This repository contains instructions and queries for Soen 363 Data systems class project phase 2.
The purpose of this project is to investage NoSQL database systems on a dataset.
Our NoSQL system was MongoDB and the dataset of choice was the Yelp Open Dataset .


The installation was conducted on a Virtual Machine running Ubuntu 18.04.
From the terminal, issue the following command to import the MongoDB public GPG key:

$ wget -qO - https://www.mongodb.org/static/pgp/server-4.2.asc | sudo apt-key add -

Create the list file /etc/apt/sources.list.d/mongodb-org-4.2.list for your version of Ubuntu:

$ echo "deb [ arch=amd64,arm64 ] https://repo.mongodb.org/apt/ubuntu bionic/mongodb-org/4.2 multiverse" | sudo tee /etc/apt/sources.list.d/mongodb-org-4.2.list

Reload the local package database:

$ sudo apt-get update

Install the MongoDB packages:

$ sudo apt-get install -y mongodb-org

To begin using the mongo shell:

$ mongo

Loading the Dataset

Provide your information, agree to Dataset Licence and download the 9.71 gb datset from https://www.yelp.com/dataset
Once downloaded, unzip download folder into the same directory as the DataSystemsYelp repository.
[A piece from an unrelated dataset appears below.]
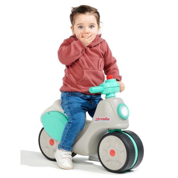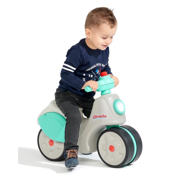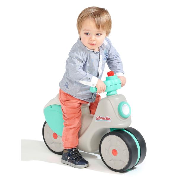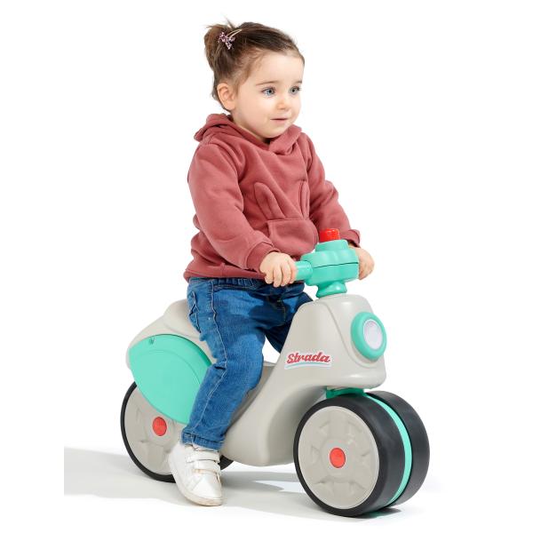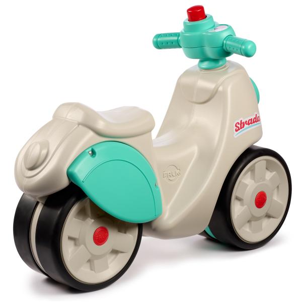S tímto odrážedlem v retro stylu se Falk podívá na svou historii aktualizací jedné ze svých vlajkových lodí ze 70. let 20. století. Nová verze dokonale zapadá do současné doby díky svým módním barvám a zpracování. Vybaveno velkými koly, které poskytují dítěti potřebnou stabilitu pro vývoj, navíc procvičuje rovnováhu a motoriku. Díky elastomernímu povlaku jsou odolnější vůči poškrábání a jinému poškození. Jízda je jako na skutečném skútru díky volantu který je malý a obsahuje klakson, který ještě více obohacuje hru dítěte. Vlastnosti:

From the mongo shell, create the YelpData database:

>use YelpData

Then create the collections for YelpData:


Once the database and collection is created, exit the mongo shell and open a new terminal to import the collections

$ mongoimport --db YelpData --collection business --file yelp_academic_dataset_business.json
$ mongoimport --db YelpData --collection business --file yelp_academic_dataset_checkin.json
$ mongoimport --db YelpData --collection business --file yelp_academic_dataset_review.json
$ mongoimport --db YelpData --collection business --file yelp_academic_dataset_user.json
$ mongoimport --db YelpData --collection business --file yelp_academic_dataset_tip.json

Running the queries

All the queries are stored in the queries.sh, but they must be individually issued on the mongoshell and you must use the YelpData database.